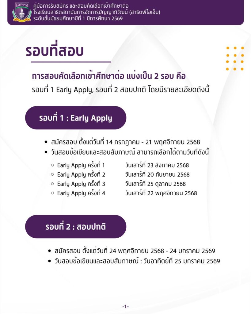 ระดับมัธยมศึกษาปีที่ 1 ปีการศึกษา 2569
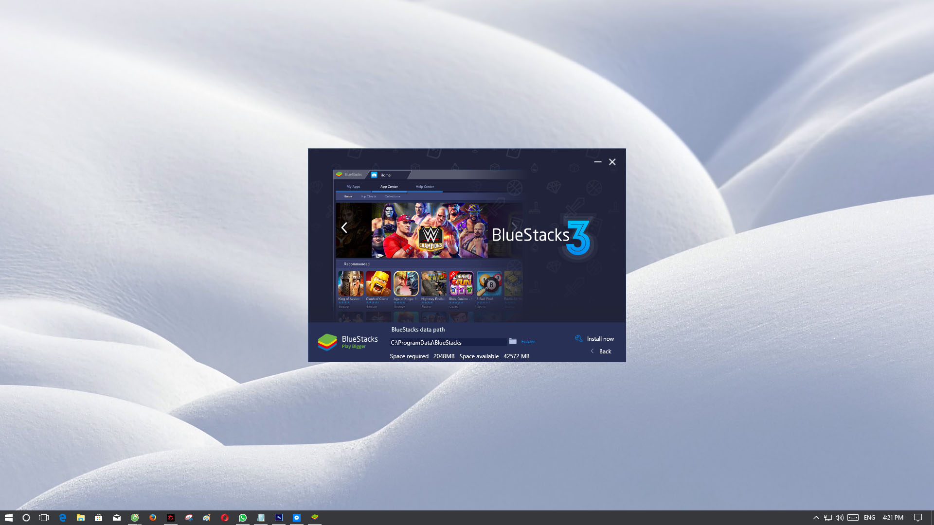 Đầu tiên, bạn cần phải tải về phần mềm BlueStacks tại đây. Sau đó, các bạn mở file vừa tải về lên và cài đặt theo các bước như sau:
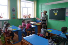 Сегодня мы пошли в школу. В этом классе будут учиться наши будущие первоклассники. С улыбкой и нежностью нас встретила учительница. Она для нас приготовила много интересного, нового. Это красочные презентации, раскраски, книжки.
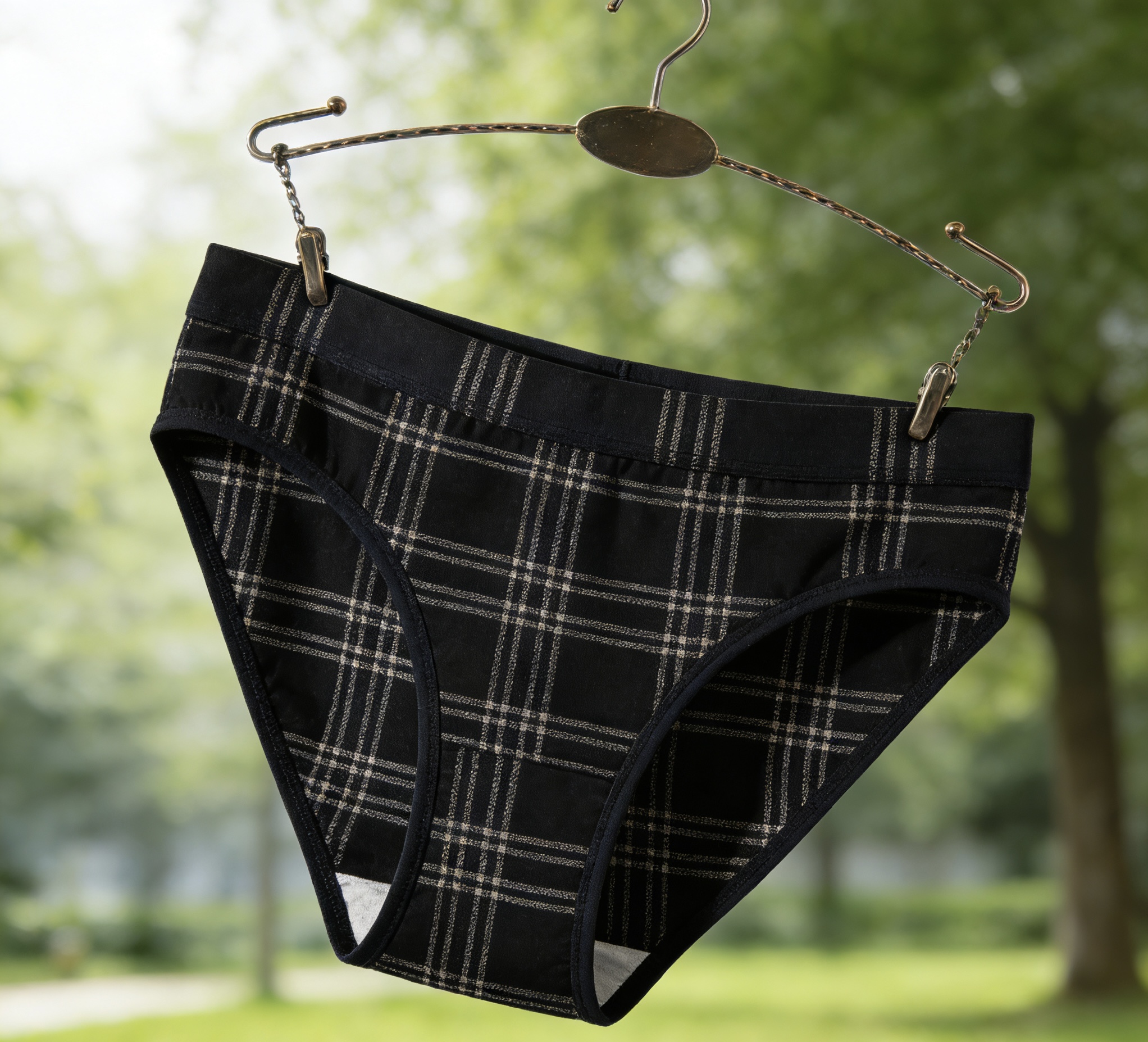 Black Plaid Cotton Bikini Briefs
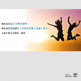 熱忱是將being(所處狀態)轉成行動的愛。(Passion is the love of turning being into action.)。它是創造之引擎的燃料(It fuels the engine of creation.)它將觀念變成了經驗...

#####

# ACTIVITY
Word for word, copy the lines from the one with "Black Plaid Cotton Bikini Briefs" through the end of the entries above, and do not include any picture.

# ANSWER TO THE EXERCISE
 Black Plaid Cotton Bikini Briefs
 熱忱是將being(所處狀態)轉成行動的愛。(Passion is the love of turning being into action.)。它是創造之引擎的燃料(It fuels the engine of creation.)它將觀念變成了經驗...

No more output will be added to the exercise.